Part of cybersecurity is ensuring critical data is backed up and knowing exactly where it is located and knowing how long it will take to recover that data, Nelan says.
The rise of employees working from home has also raised cybersecurity implications for law firms, local experts say.
Fowler says that one important step is to ensure that any hardware that is taken to the home or courtroom needs to be encrypted so that if it gets stolen or lost the data on that device won’t be compromised.
Fowler also says that good security measures for employees working from home include having personal firewalls set up, having employees access their office computers through a virtual personal network or using a secure cloud computing system like Microsoft 365.
Clark, Fowler and Nelan all recommend law firms obtain cybersecurity insurance, but they all note that the market for obtaining insurance has become more difficult due to the rise in frequency of the attacks.

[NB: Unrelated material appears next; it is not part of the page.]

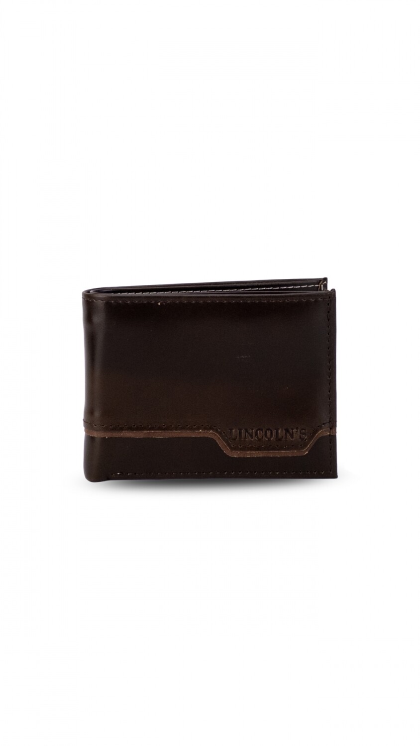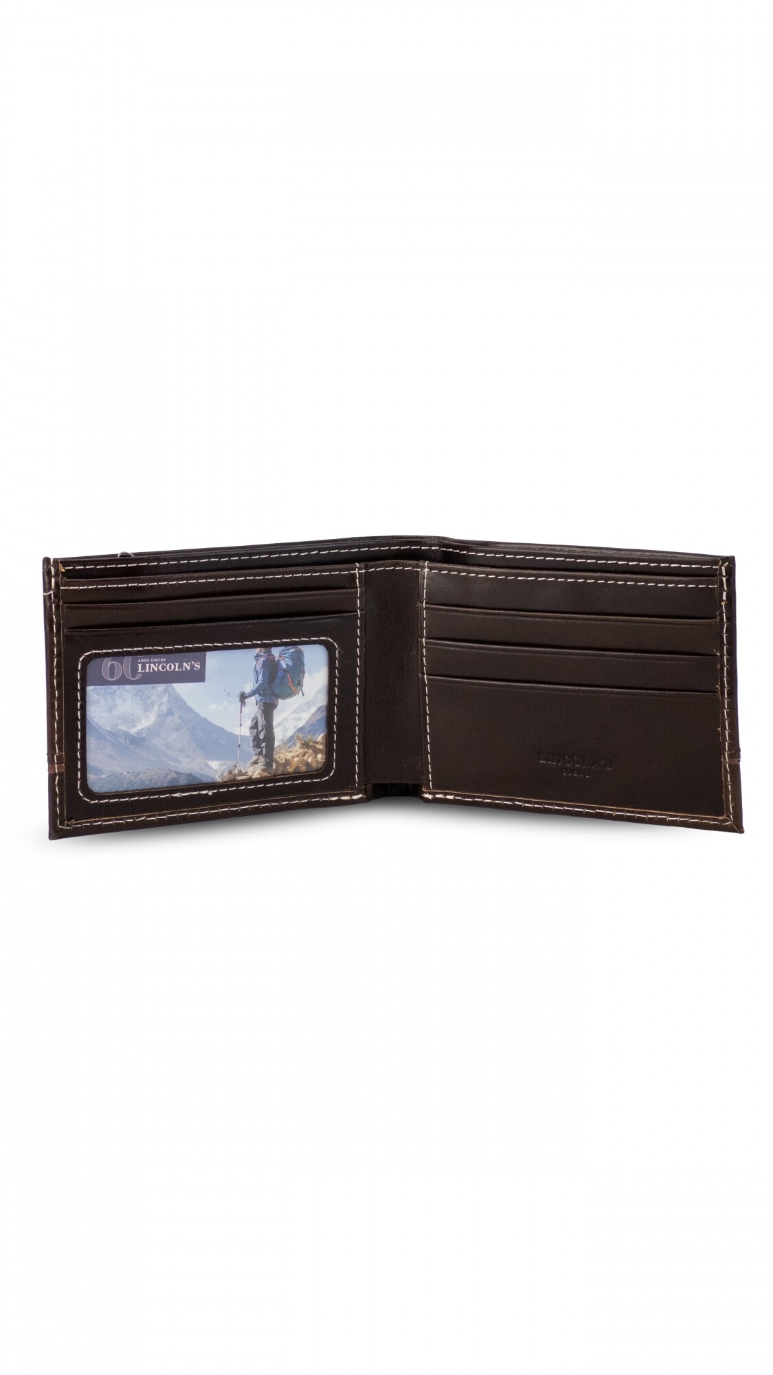 Billetera en cuero con volante interior con visor y tarjeteros. Doble repartición para billetes.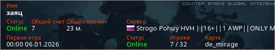 Играет на Counter Strike Global Offensive сервере. Страна: РоссияПервый раз замечен 00:00 06.01.2026

Fowler recalls that insurance companies were once almost giving cybersecurity insurance policies away for free because of the lack of interest from companies.
Now, it has changed 180 degrees due to the rise of ransomware and other cyberattacks, she says.
“Insurance companies are also paying closer attention to these ransomware attacks,” Clark says. “This kind of insurance space is relatively young in comparison to other general commercial coverage, and I think it’ll be interesting to see how the products and pricing develop in the coming months.”
Amaris Elliott-Engel is a Rochester-area freelance writer.